◆ **Task directions**
Skip every picture. Print each line from the one containing "CUSTOM DISTRESSED CHAIN JEANS WMNS" through the end of the records below, word for word.

◆ **Given information**
#####
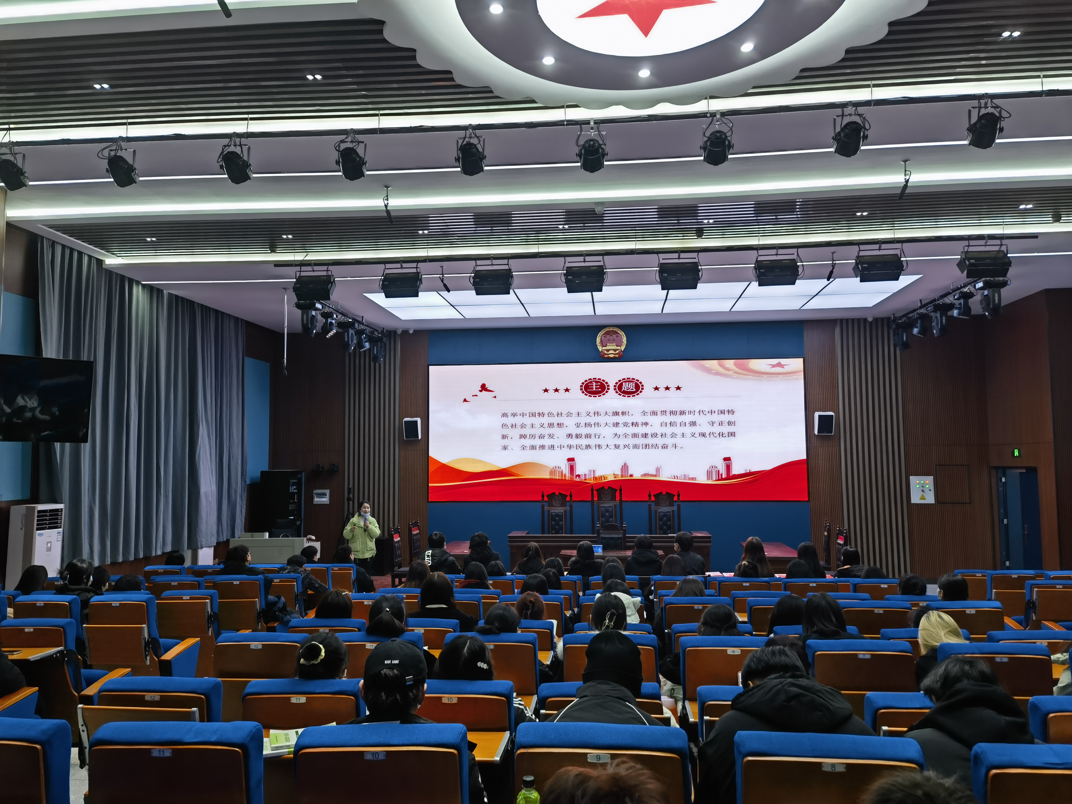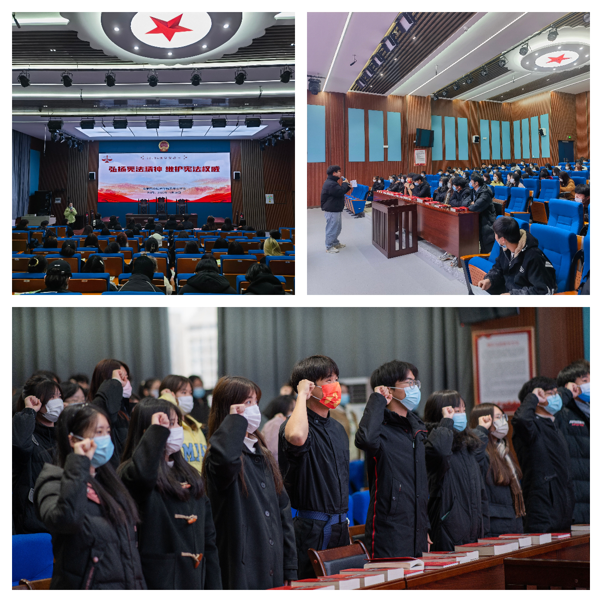 为深入学习贯彻党的二十大精神,全面贯彻落实习近平法治思想,在大学生当中弘扬宪法精神,维护宪法权威,11月30日下午AC米兰官网天平法学会在思政馆模拟法庭开展了以“弘扬宪法精神 维护宪法权威”为主题的教育活动,马克思主义学院院长靳玉琼、部分思政课教师和全体法学会会员参加了此次活动,活动由学会指导老师丁丹丹主持。
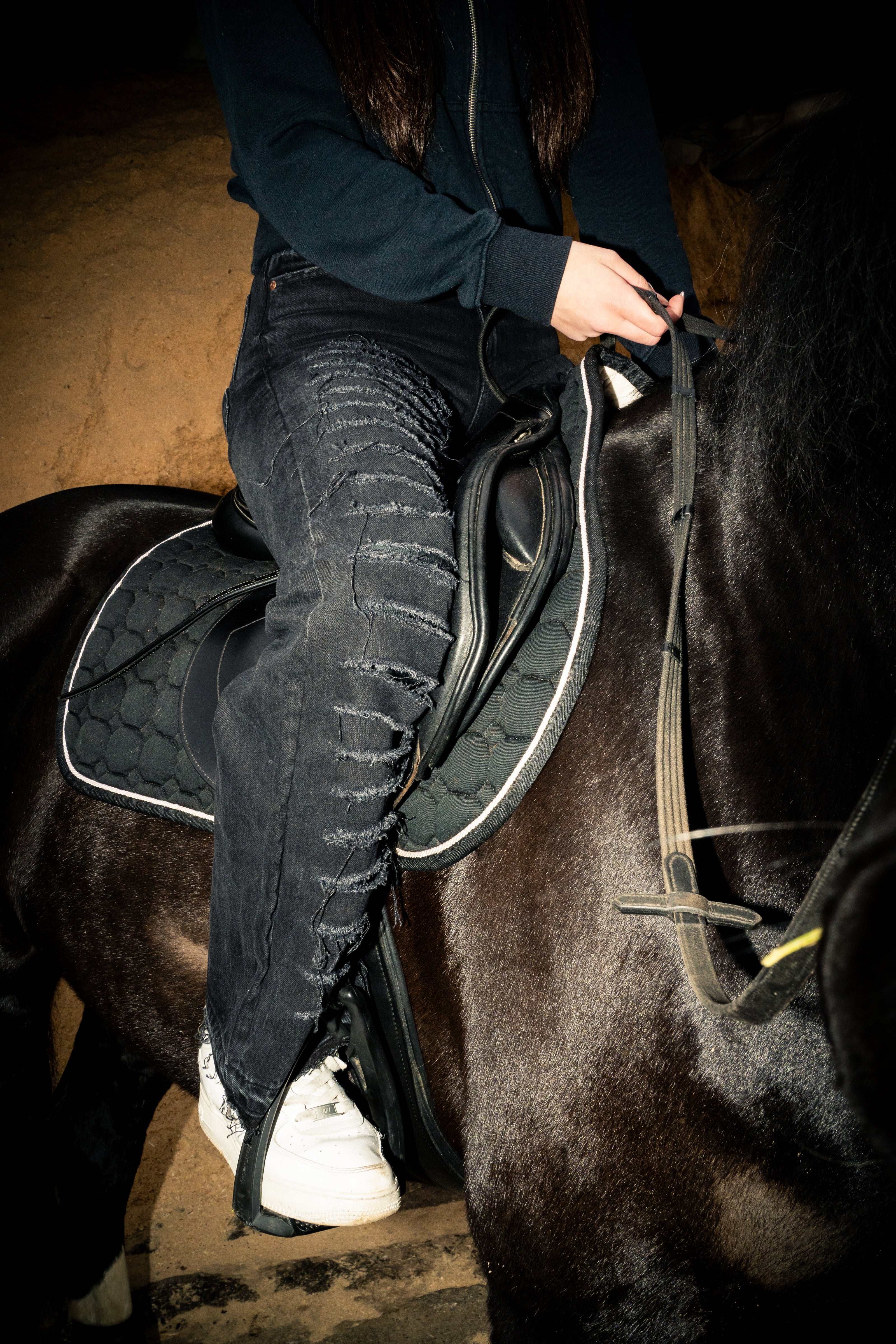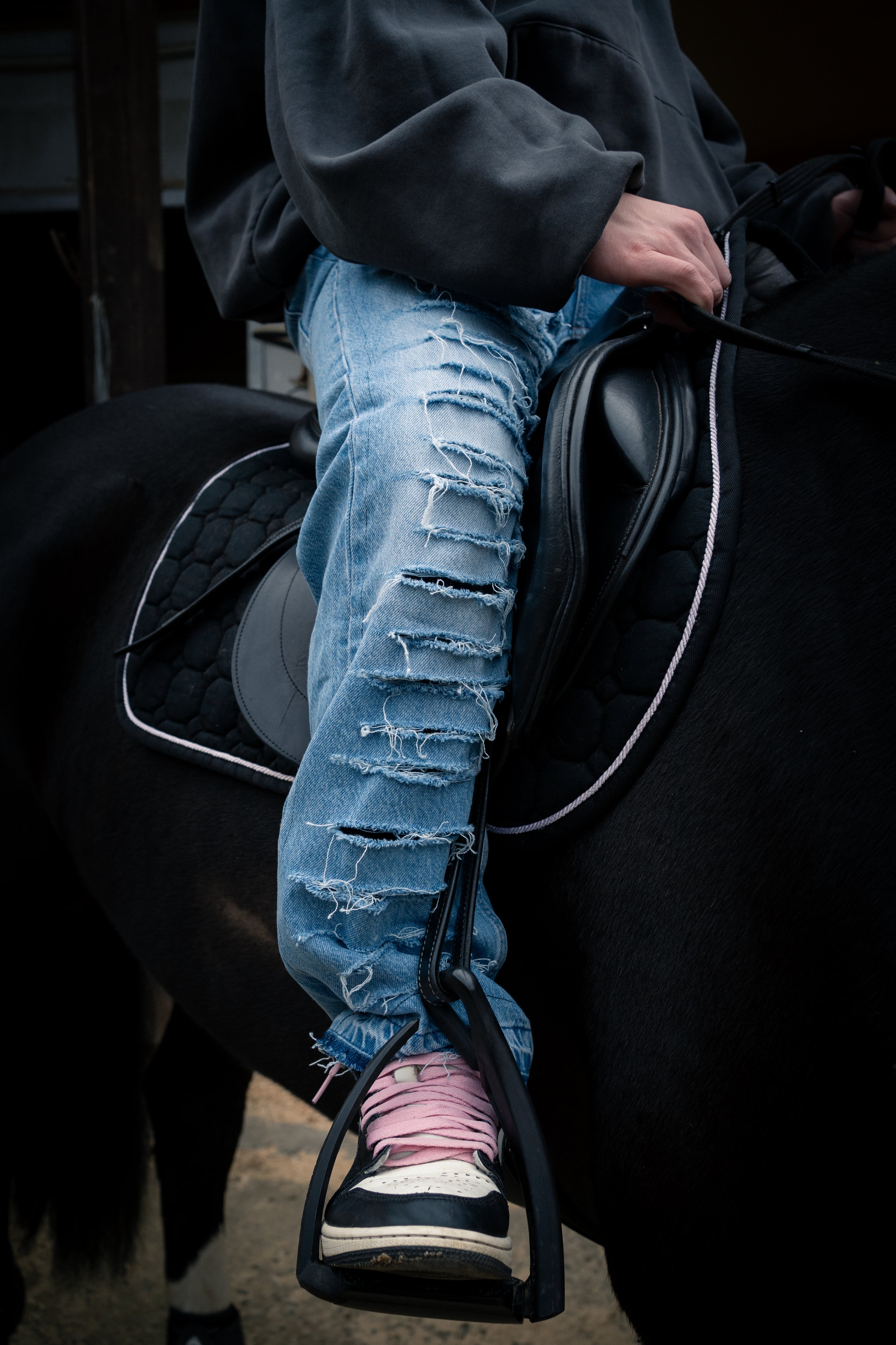 CUSTOM DISTRESSED CHAIN JEANS WMNS
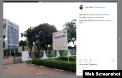 • 29 июля. Игорь Байбаков публикует в Инстаграме несколько фото и видео из столицы Центральноафриканской Республики, города Банги. На этих фотографиях запечатлено, в числе прочего, здание правительства ЦАР.
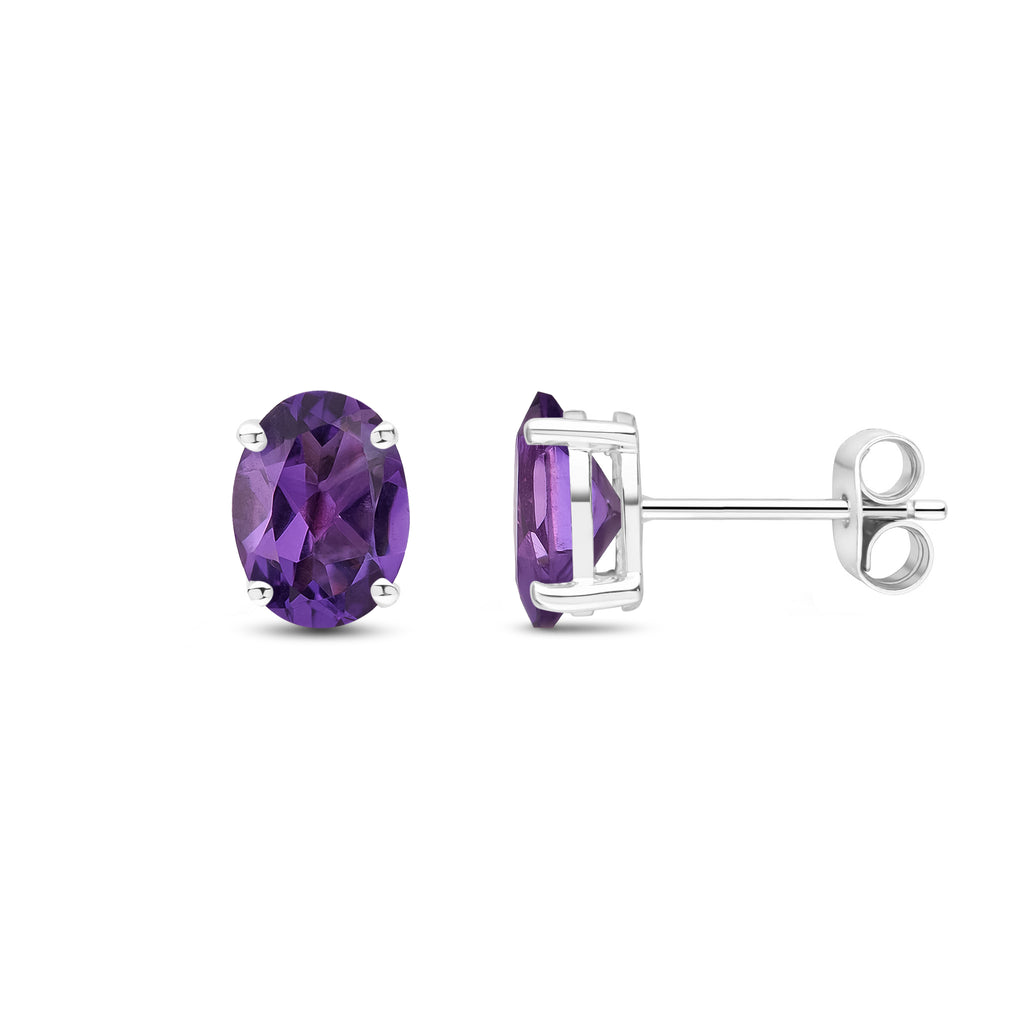 9CT White Gold Oval Amethyst Claw Stud Earrings 8x6mm
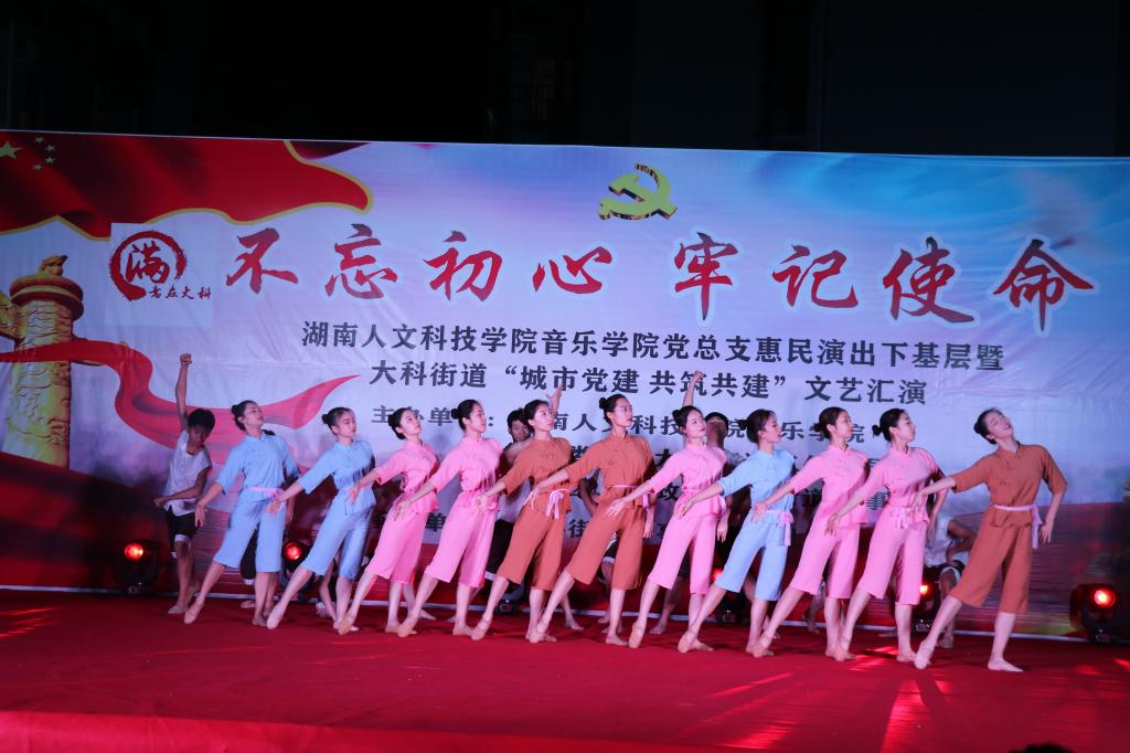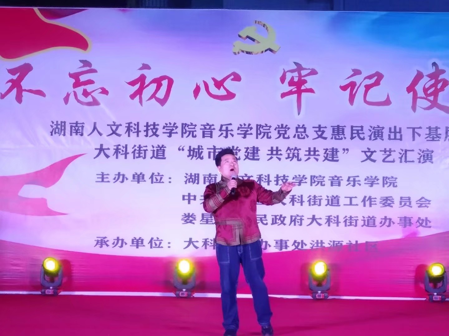 10月29日晚七点半,由中共beat365英国官网音乐舞蹈学院党总支部举办的“不忘初心、牢记使命”文艺汇演在娄底市娄星区大科街道办事处洪源社区举行。beat365英国官网组织部常务副部长罗求实、机关党委书记刘纲华、宣传统战部部长陈璐、音乐舞蹈学院党总支书记周邦春、副书记邓莉立、副院长吴扎拉·涛、副院长刘利连及洪源社区领导代表出席本次活动。音乐舞蹈学院全体师生党员及部分学生群众共同为洪源社区的父老乡亲们奉上了一台精彩的红色演出。
#####
◆ **Exercise response**
 CUSTOM DISTRESSED CHAIN JEANS WMNS
 • 29 июля. Игорь Байбаков публикует в Инстаграме несколько фото и видео из столицы Центральноафриканской Республики, города Банги. На этих фотографиях запечатлено, в числе прочего, здание правительства ЦАР.
 9CT White Gold Oval Amethyst Claw Stud Earrings 8x6mm
 10月29日晚七点半,由中共beat365英国官网音乐舞蹈学院党总支部举办的“不忘初心、牢记使命”文艺汇演在娄底市娄星区大科街道办事处洪源社区举行。beat365英国官网组织部常务副部长罗求实、机关党委书记刘纲华、宣传统战部部长陈璐、音乐舞蹈学院党总支书记周邦春、副书记邓莉立、副院长吴扎拉·涛、副院长刘利连及洪源社区领导代表出席本次活动。音乐舞蹈学院全体师生党员及部分学生群众共同为洪源社区的父老乡亲们奉上了一台精彩的红色演出。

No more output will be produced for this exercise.